The playful “The Sonnet” (1830) speaks for itself, while giving readers an appreciation of Pushkin’s grip on literary developments elsewhere in Europe.

          The Sonnet

                              “Scorn not the sonnet, critic.”

                                                    — Wordsworth

 

          Stern Dante treated not with scorn the sonnet,
          And Petrarch sang his love in sonnet form,
          The author of Macbeth drew pleasure from it
          In it Camões lent his griefs to rhyme.

          And to this day it blows away the poet:
          Wordsworth employs it as his chosen norm
          When he, in an asocial lonely moment,
          Portrays ideal nature in a poem.

          Mid shady hills of faraway Taurida
          The Bard of Poland would fit to its tight meter
          Ex tempore aspiration or regret.

          Up here, it was a new thing to the ladies
          As yet, when for it Delvig would forget
          Hexameter’s Homeric harmonies. (Pushkin, trans Nikolayev 184-5)

Below is taken from “The Poet and the Crowd” (1828), another classically inspired poem that reflects Pushkin’s occasional frustrations (and perhaps, self-doubt) concerning the reception of his work:

                  The Poet and the Crowd
                               Procul este, profani (“Away, profaners!” Virgil’s Aenead)

              The poet’s absent-minded hand         
          Strummed the inspired lyre.
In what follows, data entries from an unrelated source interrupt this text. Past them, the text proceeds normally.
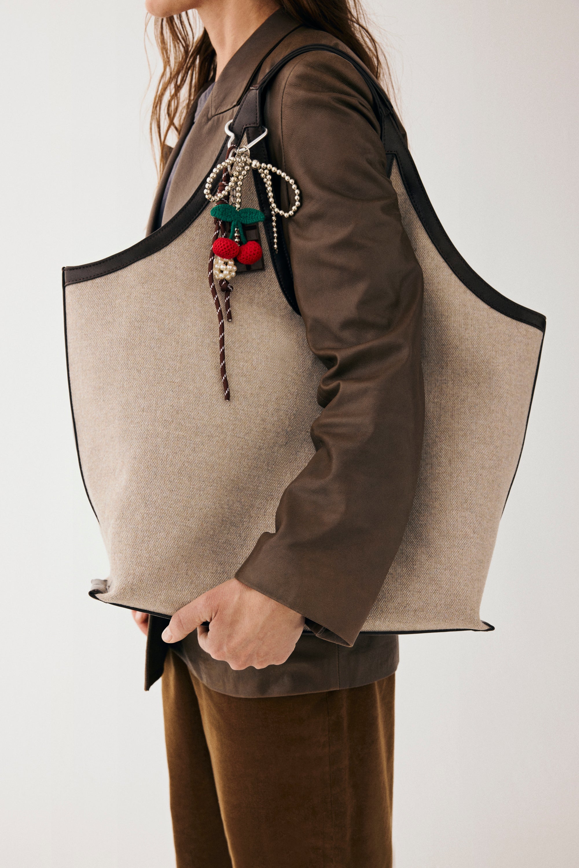 A spacious tote in soft wool with a sculptural and distinctive shape. The reinforced base and roomy main compartment make it practical for everyday use, including space for a 15" laptop. Inside, it features a zip pocket and two open compartments, while the rich Chocolate Plum twill lining adds an elegant finish. A statement piece that’s just as functional as it is stylish.
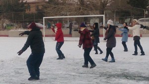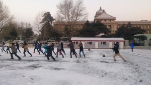 早晨七点天刚蒙蒙亮,新民校区的体育场内就可以看到老人们晨练的身影。有的在绕着操场跑步,有的在使用健身器材活动,其中最引人注目的是在操场正中央打太极拳的老人们。在得到老人们的同意之后,同学们便在老人们的身后自发的排好了队伍开始练习打太极拳。他们一遍又一遍的向老人们学习,老人们也一招一招地耐心指导。老人们对晨起锻炼的同学们表示了赞扬,但同时也希望他们能够持之以恒的坚持下去,锻炼身体磨练意志,这样才能成为祖国最坚实的脊梁。佩戴在同学们身上的党徽也在雪光的映衬下格外的耀眼。最后由于课业紧张,同学们晨练四十分钟后向老人们表达了诚挚地感谢,离开操场前往教室开始一天的学业。
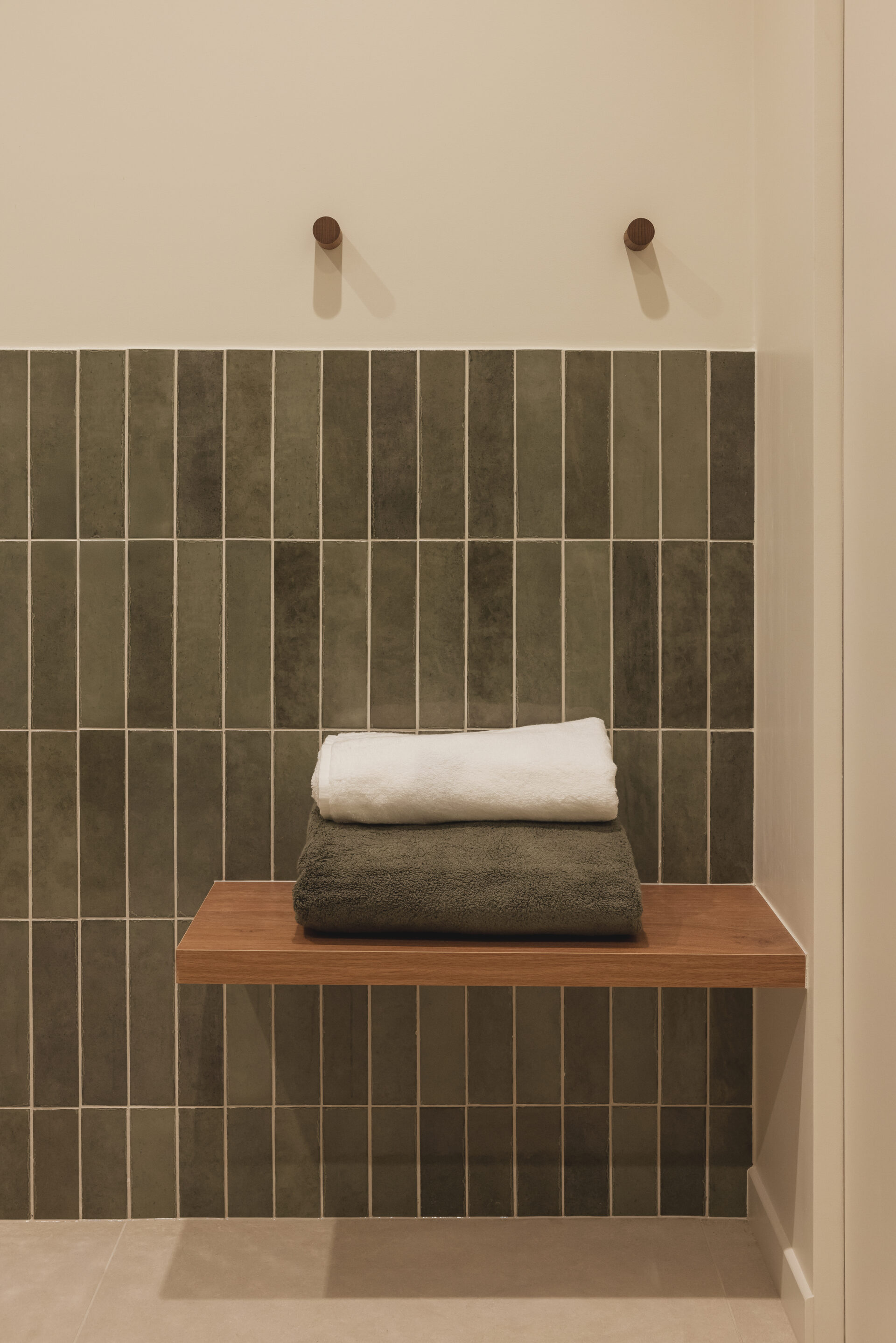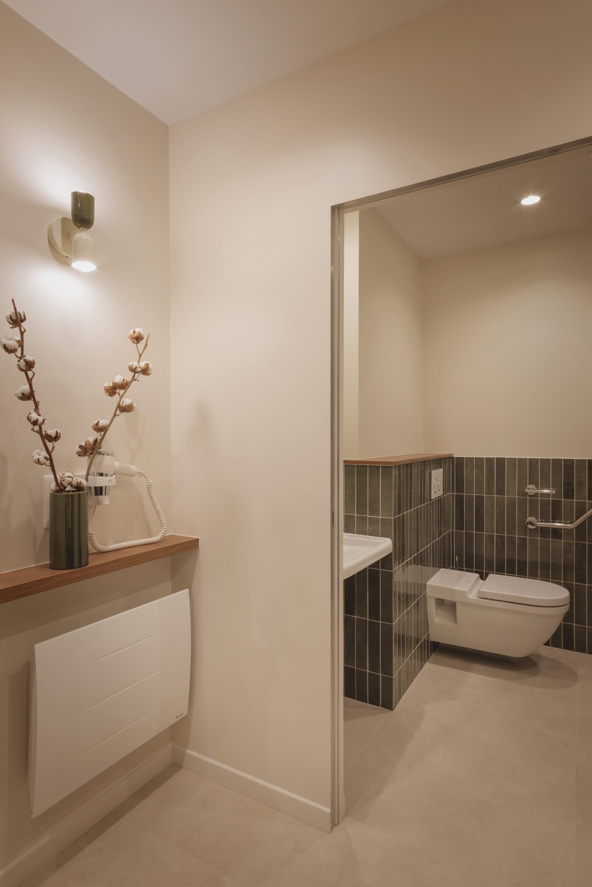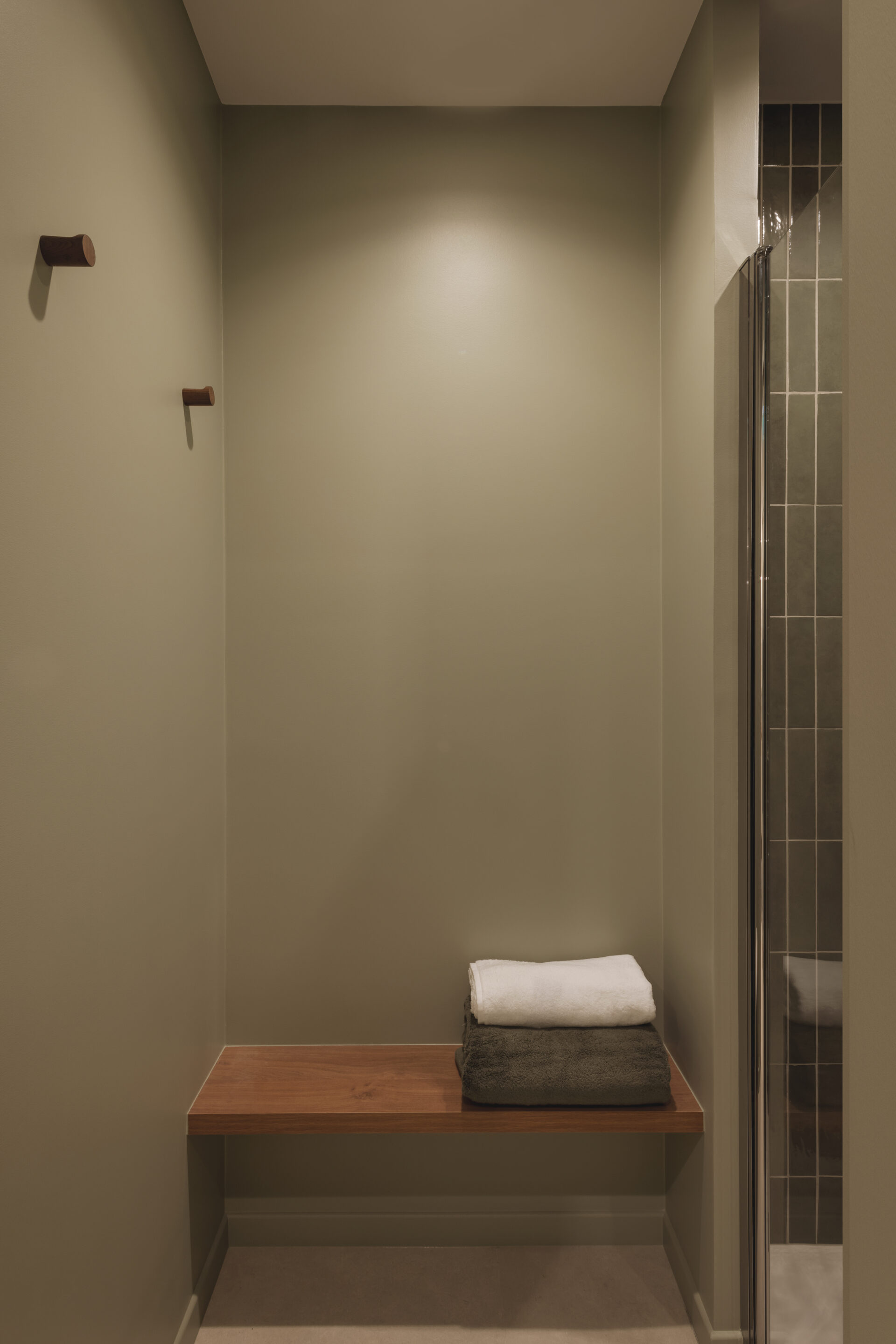 Les matériaux s’inspirent du minéral et du végétal, en résonance avec l’identité du bâtiment. Les teintes douces, les finitions bois et la lumière soigneusement calibrée composent une atmosphère feutrée, propice à la déconnexion.

He sang on
          While unenlightened folk aound,
          Expressions proud and coldly frowned,
          Listened with meaningless attention.

             And the crass rabble questioned thus:
          “To what end is his tuneful singing?
          With earful of this soulful ringing,
          To what goal is he leading us?
          Where is the lesson in his chanting?
          Our hearts both breaking and enchanting,
          Oh waywardmost of sorcerers,
          Your song is beer than the breeze,
          But just as fruitless. Tell us please,
          Where’s the utility to us?”

          The Poet:

             Be silent, senseless mob, grunt not,
          Wage worker, slave to care and want,
          I cannot stand your cheeky rant!Worm of the earth, not son of heaven,
          Utility’s what you believe in,
          Your judgement is inane and hollow:
          You weight the torso of Apollo,
          Yet in his form you see no good.
          That marble is a god! So what?
          You much prefer your cooking pot,
          Because therein you cook your food!

          The Rabble:

             No, Sir! If you are heaven’s chosen,
          Not someone who’s a dime a dozen,
          Use divine gifts as it befits:
          Conduits for useful benefits!
          Correct with verse your brethren’s hearts,
          For we are cowardly, ungrateful,
          Sly, foolish, wicked, shameless, hateful,
          Slaves, liars, targets for your dart.
          We are cold castrates of the heart!
          Berate us then, our vice to lessen,
          Loving thy neighbor. We too may love you
          If you install in us your lesson
          The while we have a listen of you. (Pushkin, trans Nikolayev 139-41)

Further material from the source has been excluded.